In addition, the practical application in understanding football tactical behavior, collective dynamics, and movement patterns through AI enhances the strategic capabilities of coaches, facilitates player development, improves opposition analysis, provides real-time decision support, enables performance prediction, and enhances talent identification processes in football. Concretely, the new insights can be reported for the data science and match analysis departments of football clubs such as (1) tactical insights: by leveraging AI algorithms to analyze vast amounts of match data in football, coaches and analysts can gain deeper insights into the tactical strategies employed by individual and team performances. This includes understanding patterns of play, positional rotations, pressing schemes, and defensive organization. Such insights can inform tactical adjustments during matches and help teams exploit opponent weaknesses; (2) player development: AI-driven analysis allows for a granular examination of individual player performance within the context of team tactics (33, 61). Coaches can identify players’ strengths and areas for improvement, tailor training programs accordingly, and provide targeted feedback to enhance overall team cohesion and performance (47); (3) opponent analysis: AI-powered systems enable a comprehensive scouting and analysis of upcoming opponents. By dissecting the tactical tendencies, formations, and key player behaviors of opponents, teams can develop specific game plans and counterstrategies to maximize their chances of success (38, 47, 50, 53). (4) Real-time decision support: AI tools can provide real-time insights and recommendations to coaches during matches.
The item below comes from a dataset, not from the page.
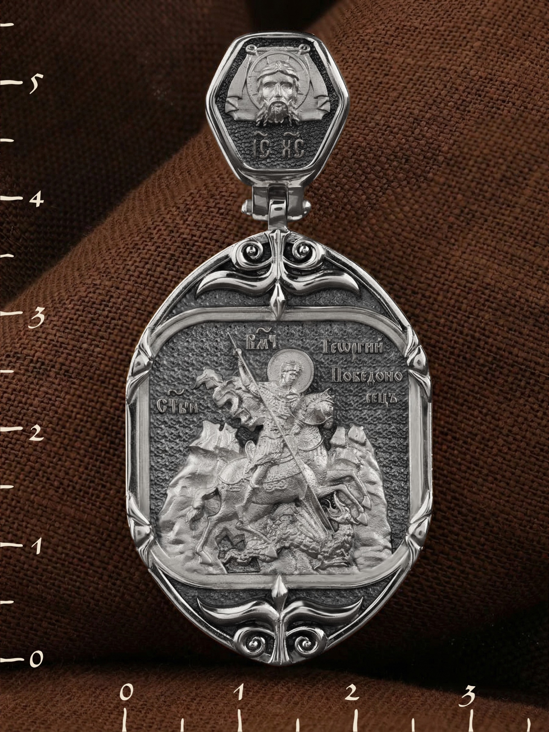 Основой композиции лицевой стороны является изображение Святого Георгия Победоносца. Святой Георгий — один из наиболее почитаемых святых в Христианской Церкви. На Руси он известен как Юрий или Егорий, покровитель воинов, помощник в крестьянском труде. На образке изображено самое знаменитое чудо святого: спасение принцессы от змея, которому она предназначалась в жертву. Чудо это имеет символическое толкование. Принцесса означает душу человеческую, а змей — дьявола, желающего ее поглотить. Св. Георгий, небесный защитник, спускается с Небес, чтобы помочь душе избавиться от гибели.

By continuously analyzing live match data, these systems can offer suggestions for substitutions, tactical adjustments, and set-piece strategies, empowering coaches to make informed decisions under pressure; (5) performance prediction: AI models can be trained to predict match outcomes based on historical data and contextual factors (7, 19). While not infallible, these predictive analytics can help teams assess their chances against specific opponents and adjust their approach accordingly (36, 47); (6) talent identification: AI-driven analysis can aid in the identification and recruitment of talented players (40).
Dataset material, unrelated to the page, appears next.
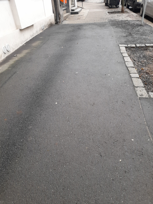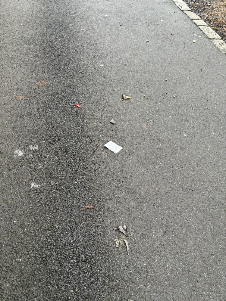 Sklo (nejspíš rozbita láhev) na chodniku. Cca před vchodem do domu v ulici Kubelíkova č. p. 18

By analyzing player performance metrics, playing styles, and potential, clubs can make more informed decisions when scouting and signing new players, optimizing their recruitment strategies (40, 52). The AI-based approaches prioritize the identification of positional regularities through pattern recognition in tracking and spatiotemporal data, while others focus on the continuous evaluation of effective playing space by modeling dynamic territorial control. This methodological distinction underscores the specific strengths of each technique. ML models generally offer greater interpretability and are well-suited for segmenting known behavioral patterns, whereas DL models exhibit a higher capacity to model complex and evolving phenomena, although at the expense of interpretability. Consequently, a structured comparative analysis suggests that the selection of AI models should be guided by the nature of the tactical behavior being investigated and the degree of model explainability required for practical application in training and competition. Specifically, AI models were employed to extract meaningful tactical indicators from positional data, enabling pattern recognition in team strategies and player behavior. In this context, there is still a need for professional profiles, combining sports science, data analytics, computer science, and coaching expertise. Also, there are still challenges for the real practical application of the ethical regulation of AI-based techniques in football science.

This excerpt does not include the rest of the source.